使用 writerow 在 python 错误中合并多个具有不同列的 csv 文件
Merge multiple csv files with different columns in python error with writerow
我有大量的 csv files/dataframes,它们太大而无法一起存储在内存中。但是,我注意到这些数据帧之间的列大小不同。我的专栏是 "ACGT"(DNA 序列)的排列。我按照 this question on how to write multiple csvs with different columns, however I get the following error: AttributeError: 'str' object has no attribute 'keys'. I found this question to address the error, however I am unsure where to edit the code to make the 'line' object a dictionary. I am also worried my csv files which have an index column without a header value may be messing up my code or the format of my fieldnames (str derived from permutations) may be an issue. If there is a way to concat multiple csv files with different in another language I am amendable to that however I have run into issues with this question as well 的说明进行操作。
import glob
import csv
import os
mydir = "test_csv/"
file_list = glob.glob(mydir + "/*.csv") # Include slash or it will search in the wrong directory!!
file_list
import itertools
fieldnames = []
for p in itertools.product('ACGT', repeat=8):
fieldnames.append("".join(p))
for filename in file_list:
with open(filename, "r", newline="") as f_in:
reader = csv.reader(f_in)
headers = next(reader)
with open("Outcombined.csv", "w", newline="") as f_out:
writer = csv.DictWriter(f_out, fieldnames=fieldnames)

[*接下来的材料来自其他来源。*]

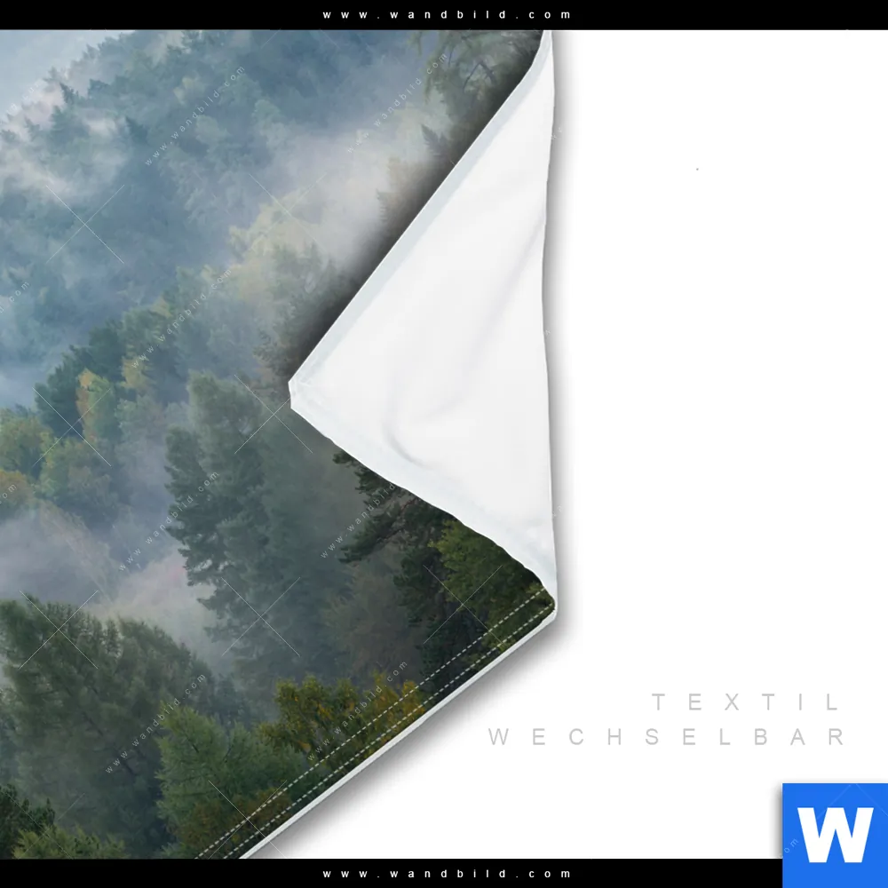 Wechselmotiv Textil | Nebel im Wald | Quadrat

for filename in file_list:
with open(filename, "r", newline="") as f_in:
reader = csv.DictReader(f_in)
for line in headers:
writer.writerow(line)
你只需要写一次 header,所以在你的 file_list
循环之前写:
with open('Outcombined.csv','w',newline='') as f_out:
writer = csv.DictWriter(f_out,fieldnames=fieldnames)
writer.writeheader() # write header based on `fieldnames`
for filename in file_list:
with open(filename,'r',newline='') as f_in:
reader = csv.DictReader(f_in)
for line in reader:
writer.writerow(line)
DictWriter
将负责将值置于正确的 header 之下。
我有大量的 csv files/dataframes,它们太大而无法一起存储在内存中。但是,我注意到这些数据帧之间的列大小不同。我的专栏是 "ACGT"(DNA 序列)的排列。我按照 this question on how to write multiple csvs with different columns, however I get the following error: AttributeError: 'str' object has no attribute 'keys'. I found this question to address the error, however I am unsure where to edit the code to make the 'line' object a dictionary. I am also worried my csv files which have an index column without a header value may be messing up my code or the format of my fieldnames (str derived from permutations) may be an issue. If there is a way to concat multiple csv files with different in another language I am amendable to that however I have run into issues with this question as well 的说明进行操作。
import glob
import csv
import os
mydir = "test_csv/"
file_list = glob.glob(mydir + "/*.csv") # Include slash or it will search in the wrong directory!!
file_list
import itertools
fieldnames = []
for p in itertools.product('ACGT', repeat=8):
fieldnames.append("".join(p))
for filename in file_list:
with open(filename, "r", newline="") as f_in:
reader = csv.reader(f_in)
headers = next(reader)
with open("Outcombined.csv", "w", newline="") as f_out:
writer = csv.DictWriter(f_out, fieldnames=fieldnames)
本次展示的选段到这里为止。